Późnym wieczorem, w drugi dzień świąt na południowej obwodnicy Warszawy doszło do poważnego wypadku. Kierujący mazdą wjechał na trasę pod prąd. Uderzył w prawidłowo jadące auto, a ono w następne. Kierowca mazdy jest ciężko ranny.
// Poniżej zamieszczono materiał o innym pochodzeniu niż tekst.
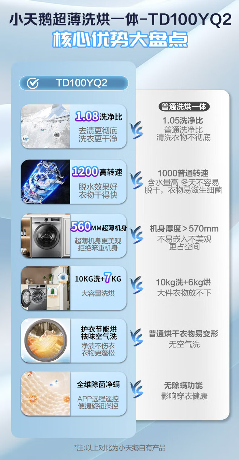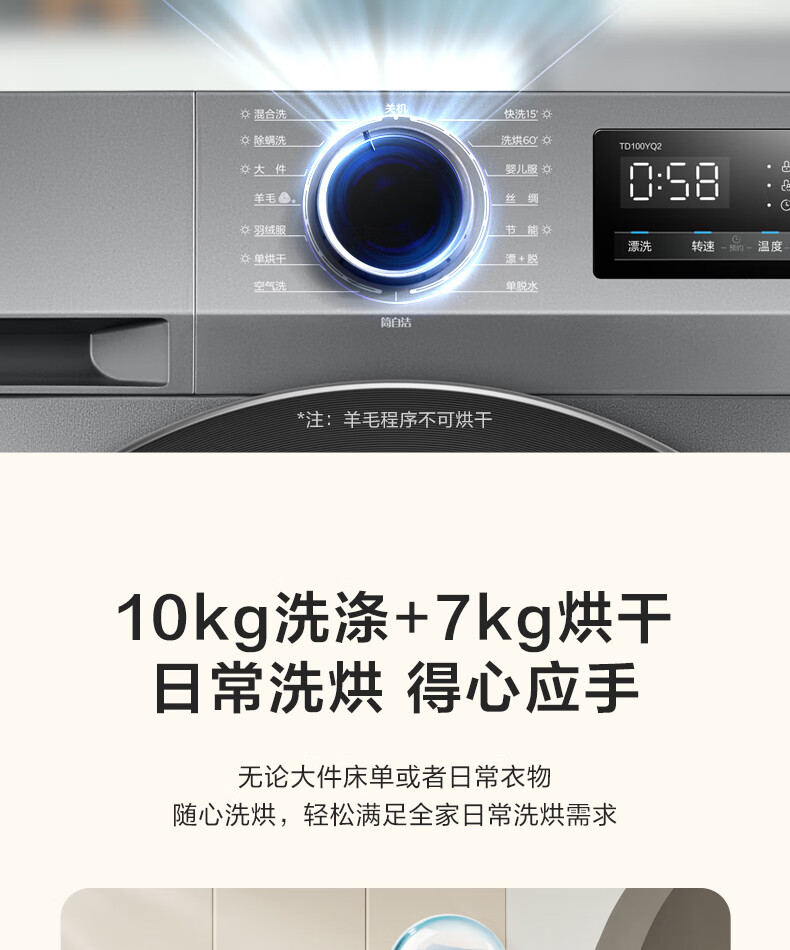 小天鹅(LittleSwan)洗衣机全自动滚筒 升级款10公斤大容量带烘干空气洗 1.08洗净比除螨智能家电家用变频YQ2

Nagrania i zdjęcia z miejsca wypadku otrzymaliśmy na Kontakt 24.
Do wypadku doszło około 22:30, w rejonie węzła Lotnisko, na jezdni w stronę Poznania.
Na nagraniach, które otrzymaliśmy na Kontakt 24, widać rozbite samochody, części leżące na jezdni i innych kierowców, którzy próbują pomagać poszkodowanym.
Kierowca mazdy w stanie ciężkim trafił do szpitala. - Została mu pobrana krew, bo zachodzi podejrzenie, że mógł prowadzić samochód pod wpływem alkoholu - powiedział we wtorek rano Piotr Świstak z sekcji prasowej stołecznej komendy policji.
Robert Opas z Komendy Stołecznej Policji na antenie TVN24 przyznał, że i owszem zdarza się, że kierowcy wjeżdżają na trasę pod prąd i robią to nieświadomie, jednak jest to bardzo rzadkie. - Najczęściej to szukanie szybszego zjazdu wbrew przepisom - powiedział.
Świąteczne wypadki drogowe w całym kraju pochłonęły 18 ofiar, z czego 11 zginęło w poniedziałek.